Armstrong, decided in October 1999, came in a lawsuit by Kalispell physician James Armstrong and his physician assistant colleague, Susan Cahill, challenging a 1995 law that said physician assistants could not perform abortions in Montana.
Armstrong and Cahill, who’d been performing abortions for many years, said the law was an unconstitutional infringement on women’s right to choose their healthcare provider for a legal procedure.
The suit actually failed before the U.S. Supreme Court, but then reverted to state court, where a district judge and then a unanimous Montana Supreme Court ruled the law violated Montana’s fundamental constitutional right to privacy.
Then-Justice James Nelson wrote the lengthy decision. He told MTN News the 1995 law didn’t rely on any medical evidence to restrict a patient’s medical choice, but rather on “partisan ideology” and religious beliefs opposing abortion.
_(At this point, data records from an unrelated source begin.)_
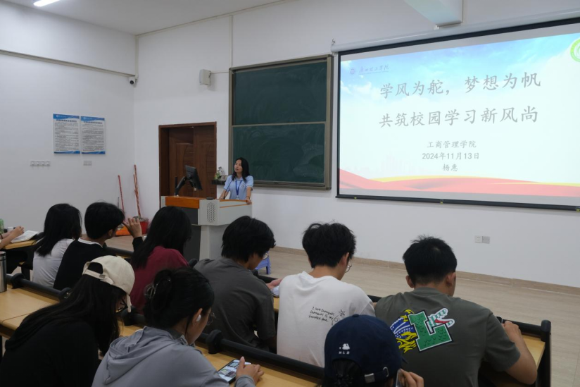 2024年11月13日下午4:30分,广州理工学院suncitygroup太阳集团在惠州校区1栋408课室举办了一场以“学风为舵,梦想为帆——共筑校园学习新风尚”为主题的活动,目的在于加强校园学风建设,激发学生的学习热情。2024级辅导员、全体同学参加,党总支书记杨惠主讲。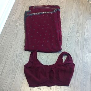 Burgundy Sari With Beaded Border Embellished Fabric With Blouse - M great condition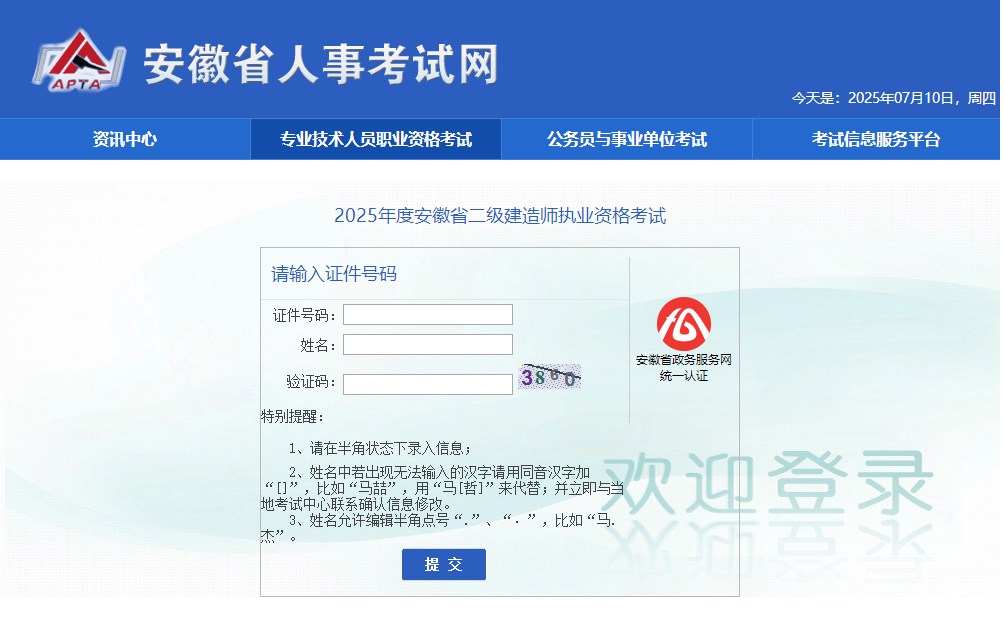 2025年安徽二級(jí)建造師考試成績(jī)查詢時(shí)間:2025年7月10日起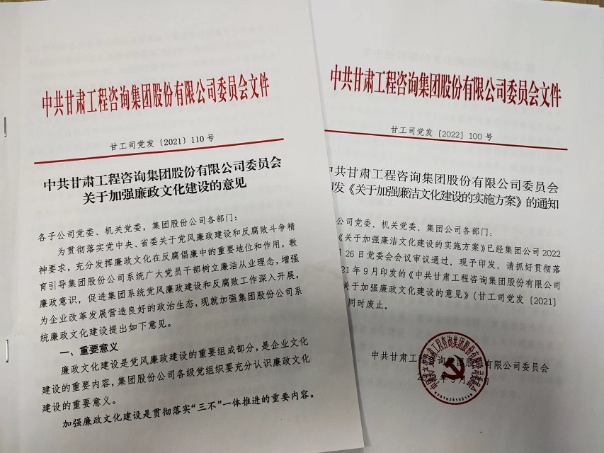 作為新組建的產(chǎn)業(yè)集團(tuán),甘肅工程咨詢集團(tuán)把資產(chǎn)整合、產(chǎn)業(yè)耦合和文化融合作為集團(tuán)公司組建的重要內(nèi)容,其中讓廉潔文化建設(shè)在企業(yè)文化建設(shè)中先行一步,早安排早部署,2021年9月集團(tuán)公司黨委研究印發(fā)《關(guān)于加強(qiáng)廉政文化建設(shè)的意見》,在中共中央辦公廳《關(guān)于加強(qiáng)新時代廉潔文化建設(shè)的意見》和省委《實施方案》印發(fā)后,又及時對標(biāo)、查缺補(bǔ)漏,2022年9月修訂印發(fā)《關(guān)于加強(qiáng)廉潔文化建設(shè)的實施方案》,為新時代集團(tuán)公司加強(qiáng)廉潔文化建設(shè)提供了指導(dǎo)。自組建以來,集團(tuán)公司廉潔文化建設(shè)力求在“內(nèi)化于心”上下功夫,在“外化于行”上求實效,引導(dǎo)干部職工廉潔從業(yè),廉潔用權(quán),積極營造“崇廉、尚廉、倡廉、守廉”的企業(yè)風(fēng)尚和發(fā)展氛圍。

“I think the important thing is that the right of a woman to choose a pre-viability abortion is grounded in the right of individual privacy -- that the Constitutional Convention, the framers, considered probably one of the most important fundamental rights that they were providing,” he said in an interview this week.
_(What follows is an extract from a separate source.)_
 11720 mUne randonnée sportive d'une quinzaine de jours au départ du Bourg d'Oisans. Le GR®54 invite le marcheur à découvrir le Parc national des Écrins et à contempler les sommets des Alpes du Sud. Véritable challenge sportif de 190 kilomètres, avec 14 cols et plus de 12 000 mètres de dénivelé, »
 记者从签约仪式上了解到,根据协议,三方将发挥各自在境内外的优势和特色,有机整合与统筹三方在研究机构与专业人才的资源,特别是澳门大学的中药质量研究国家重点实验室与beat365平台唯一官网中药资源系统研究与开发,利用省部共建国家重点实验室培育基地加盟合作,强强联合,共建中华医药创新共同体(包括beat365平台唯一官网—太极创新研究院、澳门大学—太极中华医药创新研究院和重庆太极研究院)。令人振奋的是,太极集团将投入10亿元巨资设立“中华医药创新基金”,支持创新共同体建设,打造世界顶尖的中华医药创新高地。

Or, as he wrote in the 1999 decision: “Quite simply, (the law) at issue prevents a woman from obtaining a lawful medical procedure – a pre-viability abortion – from a health-care provider of her choosing. In so doing, (this law) unconstitutionally infringes a woman’s right to individual privacy under Montana’s constitution.”
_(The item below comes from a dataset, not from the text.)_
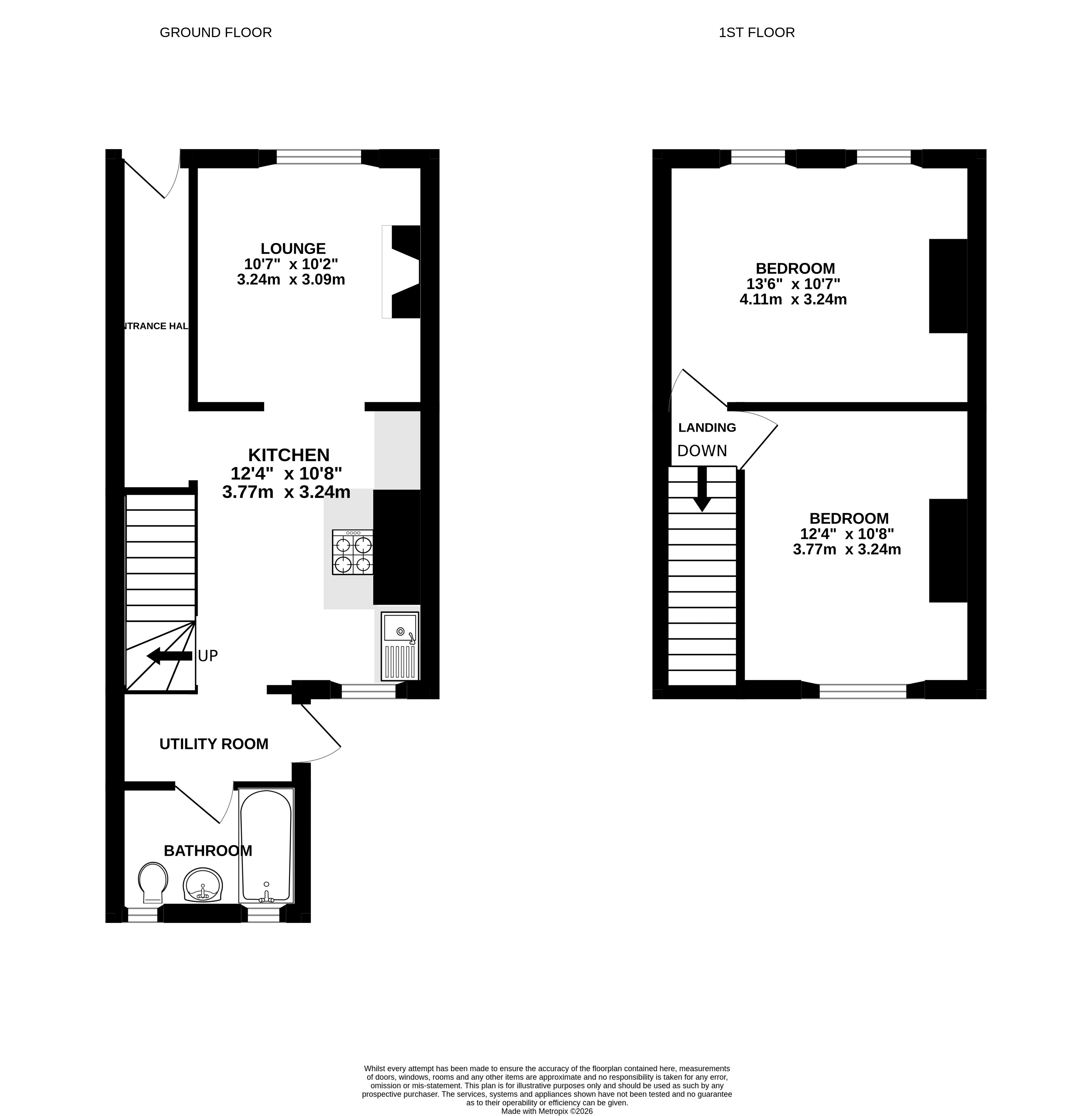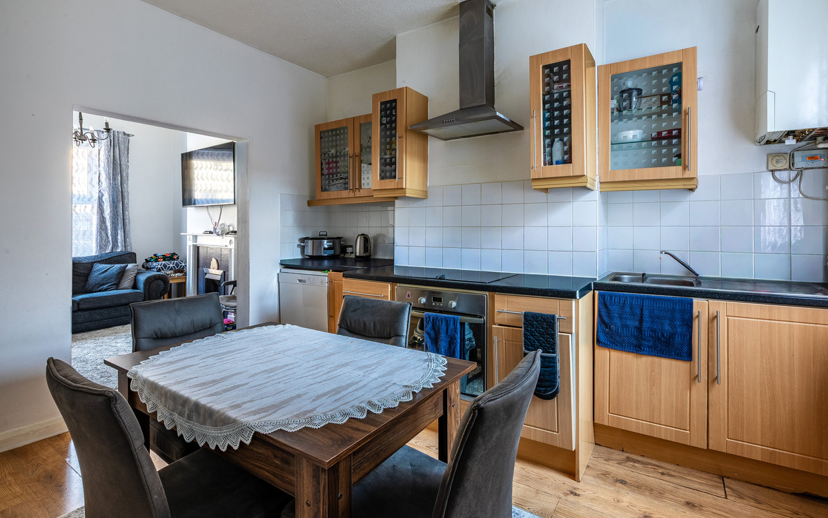This home has an open plan living space downstairs, the lounge sitting at the front has a large opening into the kitchen. The dual aspect of these two rooms allows plenty of light to flood through. Also, on the ground floor there is a utility room that provides access to the bathroom and to the rear garden. Stairs ascend to the first floor where you will find 2 double bedrooms.

Knudsen, however, is arguing the privacy right not only doesn’t create a right to abortion but also does not erase all restrictions on abortion, placed by the Legislature.
The laws in question outlaw abortion after 20 weeks of pregnancy, severely restrict access to abortion pills, require doctors to ask abortion patients if they want to see an ultrasound of the fetus and ban abortion insurance coverage in publicly subsidized health plans.
Knudsen says nothing in the state constitution prevents the Legislature from creating these regulatory restrictions.
Knudsen also called the Armstrong decision “unrestrained judicial activism,” that creates a right “arising from the sociological conviction of seven judges.”
Nelson firmly rejects that claim, saying anyone who reads the court’s 1999 ruling can see it’s “grounded in a very strong, thorough analysis of Montana’s constitutional right of privacy.”
“It wasn’t the court’s (religious) beliefs that dictated that decision,” he says. “It was dictated by the court’s legal analysis overcoming the Legislature’s decision to intervene on the basis of religious beliefs and partisan ideology.”
Nelson also agrees with Stahl that because these abortion protections in Montana “are totally grounded in Montana constitutional law,” they likely aren’t subject to change because of federal court rulings that could allow more abortion restrictions.
When asked if a decision on the Montana laws could fall under the jurisdiction of the U.S. Supreme Court, one of the state’s top attorneys on the case said the claims raised by Planned Parenthood are based only on the state constitution.
“Right now, this focuses on state issues,” said state Assistant Solicitor General Katie Smithgall. “This case is truly a case for the Montana court system. … At this point, the focus is clearly on the constitutional claims raised by the plaintiffs and these laws enacted by the Legislature.”